- _Stored data_:
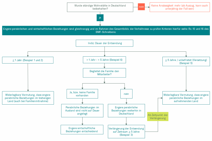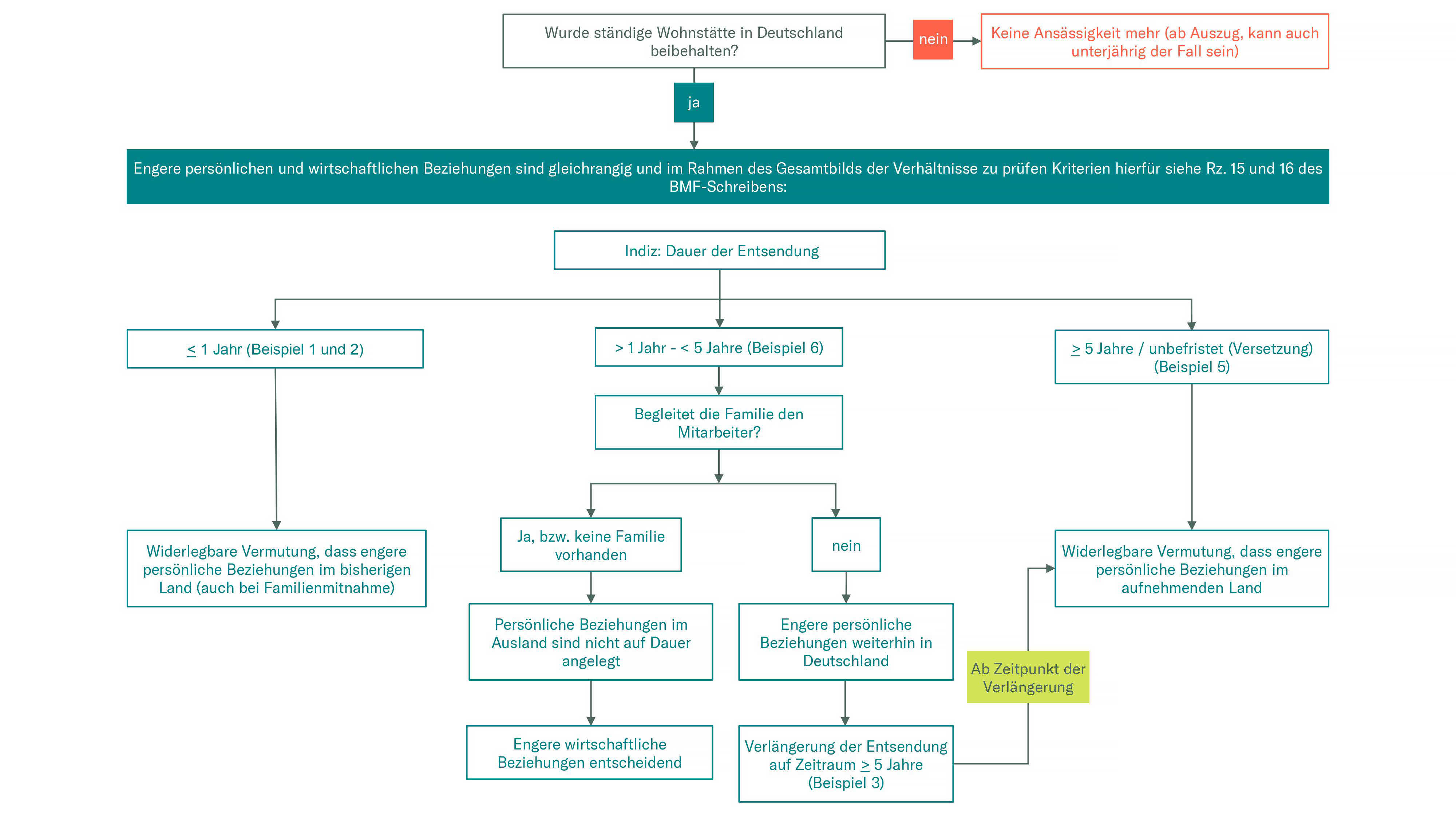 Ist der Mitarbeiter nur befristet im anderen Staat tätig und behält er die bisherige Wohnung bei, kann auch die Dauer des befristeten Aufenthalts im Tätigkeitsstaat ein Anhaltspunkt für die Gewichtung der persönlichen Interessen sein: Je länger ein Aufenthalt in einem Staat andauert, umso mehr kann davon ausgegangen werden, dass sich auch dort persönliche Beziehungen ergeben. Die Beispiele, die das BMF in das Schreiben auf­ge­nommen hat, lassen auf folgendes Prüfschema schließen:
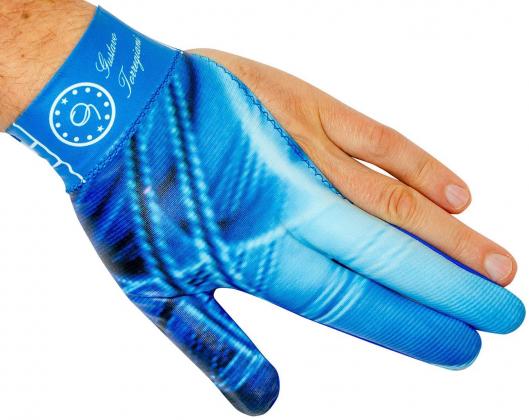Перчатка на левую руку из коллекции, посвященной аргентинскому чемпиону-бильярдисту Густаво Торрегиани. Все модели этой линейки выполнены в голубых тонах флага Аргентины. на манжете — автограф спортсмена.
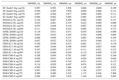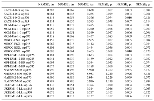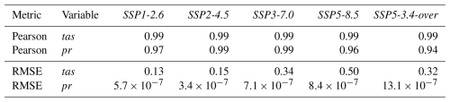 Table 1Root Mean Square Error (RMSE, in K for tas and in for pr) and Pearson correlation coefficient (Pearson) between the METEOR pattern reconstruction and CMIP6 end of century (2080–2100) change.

- _About this exercise_: Reproduce the listing exactly, minus its pictures.

- _Result of the exercise_:
 Ist der Mitarbeiter nur befristet im anderen Staat tätig und behält er die bisherige Wohnung bei, kann auch die Dauer des befristeten Aufenthalts im Tätigkeitsstaat ein Anhaltspunkt für die Gewichtung der persönlichen Interessen sein: Je länger ein Aufenthalt in einem Staat andauert, umso mehr kann davon ausgegangen werden, dass sich auch dort persönliche Beziehungen ergeben. Die Beispiele, die das BMF in das Schreiben auf­ge­nommen hat, lassen auf folgendes Prüfschema schließen:
Перчатка на левую руку из коллекции, посвященной аргентинскому чемпиону-бильярдисту Густаво Торрегиани. Все модели этой линейки выполнены в голубых тонах флага Аргентины. на манжете — автограф спортсмена.
 Table 1Root Mean Square Error (RMSE, in K for tas and in for pr) and Pearson correlation coefficient (Pearson) between the METEOR pattern reconstruction and CMIP6 end of century (2080–2100) change.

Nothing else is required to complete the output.